University of Pittsburgh, Pittsburgh, PA, 15213, USA.
Columbia University, New York, NY, 10032, USA.
Eur Neuropsychopharmacol. 2020 Nov;40:85-98. doi: 10.1016/j.euroneuro.2020.06.005. Epub 2020 Aug 7.
The present study aimed to identify pathways to suicidal behavior in late life that can guide identification of those most at risk and improve treatment. In a longitudinal study of late-life depression, we prospectively assessed risk factors specifically associated with fatal and near-fatal as compared to less lethal suicidal behavior. We enrolled 401 participants (age 66+9.9): 311 with unipolar non-psychotic depression and 90 non-psychiatric controls. The median follow-up was 5.4 years. Results indicated that history of suicide attempt predicted a two-fold increase in the risk of dying from natural causes. In univariate models, male gender, higher income, current depression and current and worst lifetime suicidal ideation severity, cognitive control deficits, and low levels of non-planning impulsivity predicted fatal and near-fatal suicidal behavior. In contrast, incident less lethal suicidal behavior was mostly associated with maladaptive personality traits, impulsivity, and severity of psychiatric illness in univariate models. In multipredictor models, male gender, worst lifetime suicidal ideation, and deficits in cognitive control independently predicted fatal/near-fatal suicidal behavior, while introversion, history of suicide attempt, and earlier age of onset of depression predicted less lethal suicidal behavior. While clinicians may be familiar with suicide risk factors identified in younger samples such as dysfunctional personality, impulsivity, and co-morbid substance use, in late life these characteristics only pertain to lower-lethality suicidal behavior. Cognitive control deficits, which likely play a greater role in old age, predict serious suicidal behavior.

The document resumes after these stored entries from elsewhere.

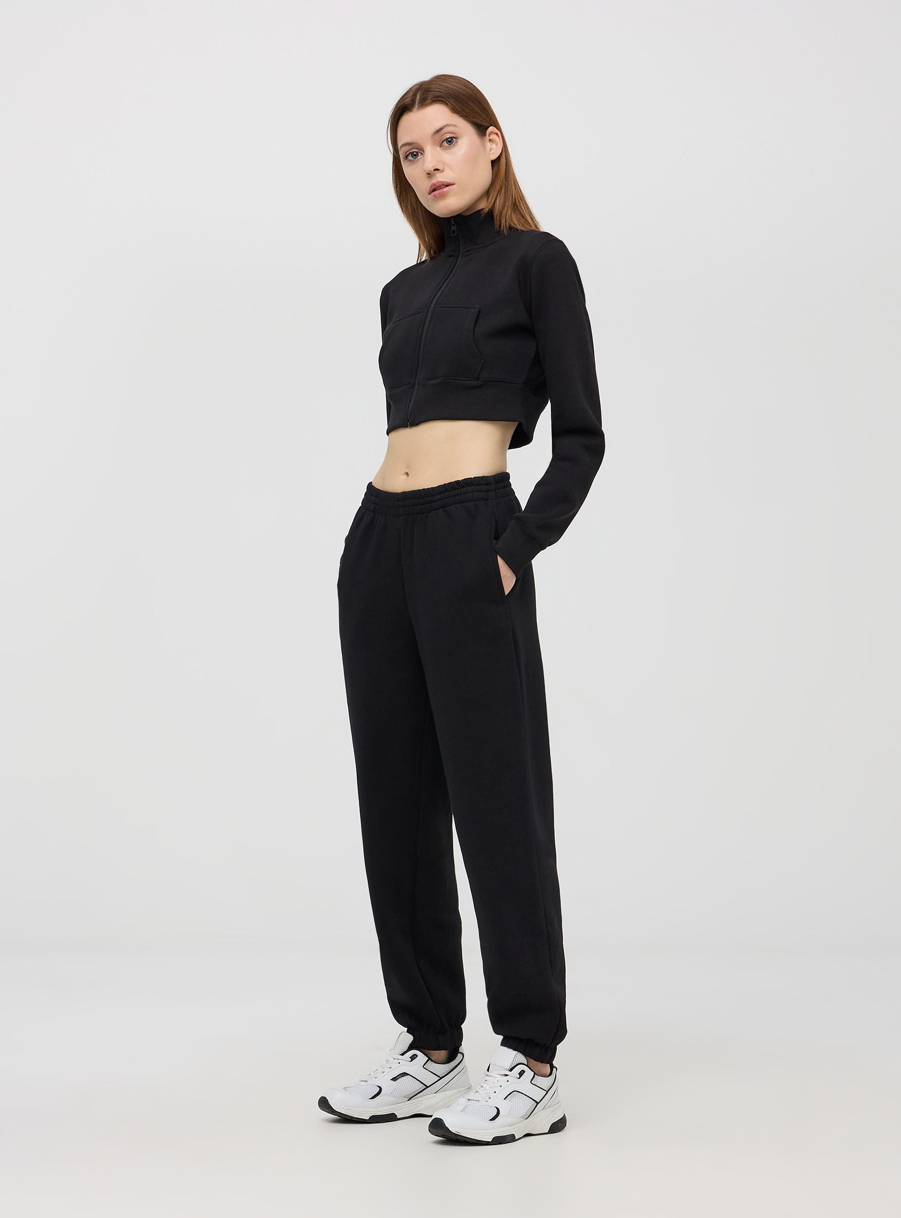Pantaloni della tuta da donna a vita alta in tessuto pesante a tinta unita, con tasche laterali. Presentano una vestibilità comoda con elastico in vita e alle caviglie, garantendo massimo comfort durante l'uso. La tinta unita rende questi pantaloni versatili e facili da abbinare con diversi outfit. Ideali per attività sportive, giornate casual o momenti di relax in casa, questi pantaloni della tuta sono perfetti per mantenere uno stile comodo e alla moda in ogni occasione.
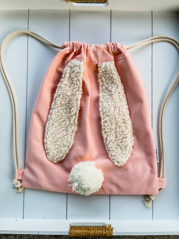 Rugzakje met fluffy konijnenoortjes en schattig poepke.
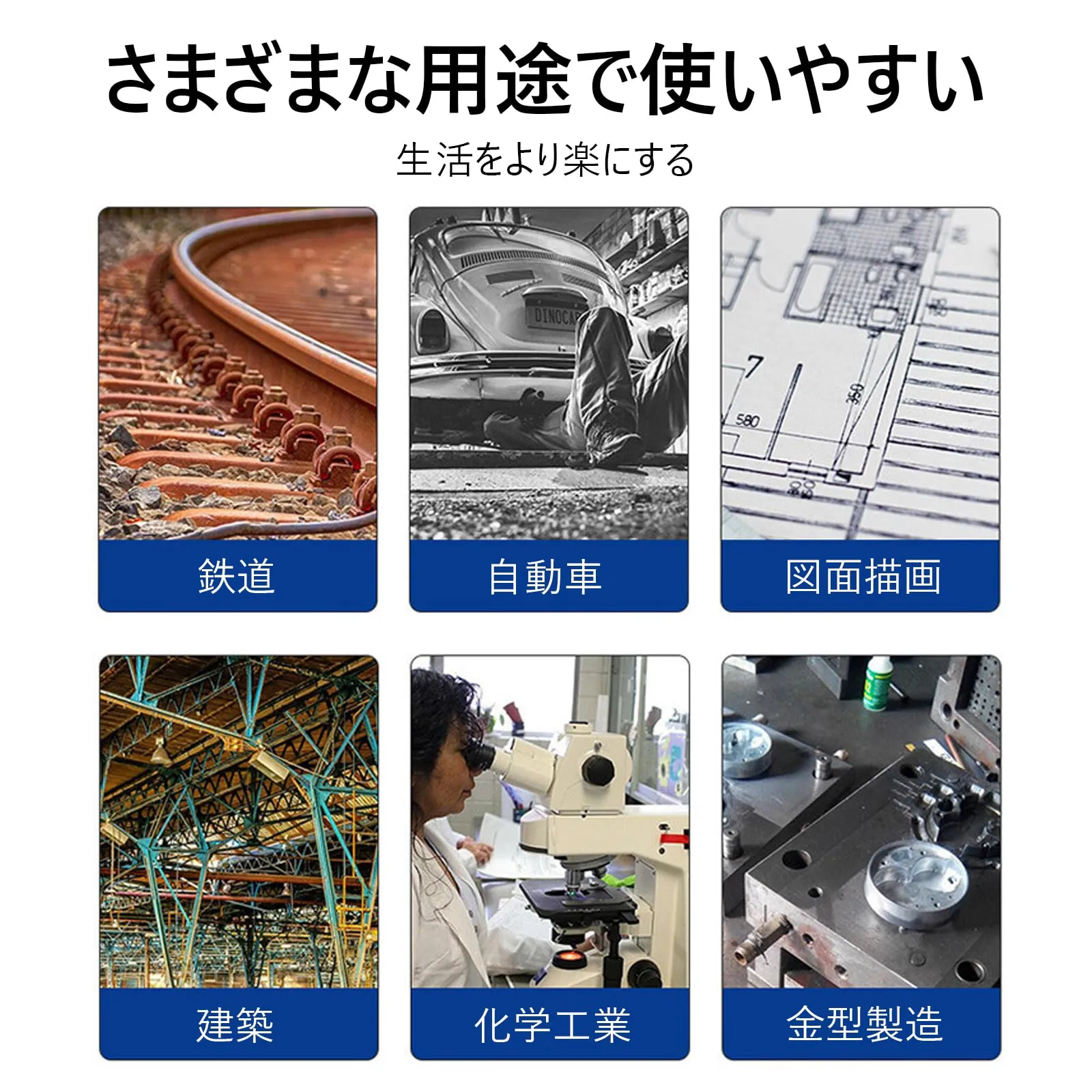 【高品質ステンレス製】耐久性と耐腐食性に優れ、錆びにくく変形しにくい特性を持ち、過酷な作業環境でも長期間測定精度を維持。防錆オイルコーティング処理が施されており、清掃・メンテナンスも簡単に行えます。

本研究旨在确定与老年人自杀行为相关的途径,以便能够识别出高危人群并改善治疗效果。在一项针对老年抑郁症的纵向研究中,我们前瞻性地评估了与致命和接近致命自杀行为相关的特定风险因素,而非较轻的自杀行为。我们共纳入了 401 名参与者(年龄 66+9.9 岁):311 名患有单相非精神病性抑郁症,90 名非精神科对照组。中位随访时间为 5.4 年。结果表明,自杀未遂史预示着自然原因死亡风险增加一倍。在单变量模型中,男性、较高的收入、当前的抑郁状态、当前和最严重的终生自杀意念严重程度、认知控制缺陷以及较低水平的非计划性冲动与致命和接近致命的自杀行为相关。相比之下,单变量模型中,新发生的非致命性自杀行为主要与适应不良的人格特质、冲动和精神疾病的严重程度相关。在多变量预测模型中,男性、最严重的终生自杀意念以及认知控制缺陷独立地预测了致命/接近致命的自杀行为,而内向性格、自杀未遂史和抑郁发病年龄较早则预测了非致命性自杀行为。虽然临床医生可能熟悉在年轻人群中识别出的自杀风险因素,如功能失调的人格、冲动和共病物质使用,但在老年人群中,这些特征仅与较低致命性自杀行为相关。认知控制缺陷在老年人群中可能发挥更大的作用,与严重自杀行为相关。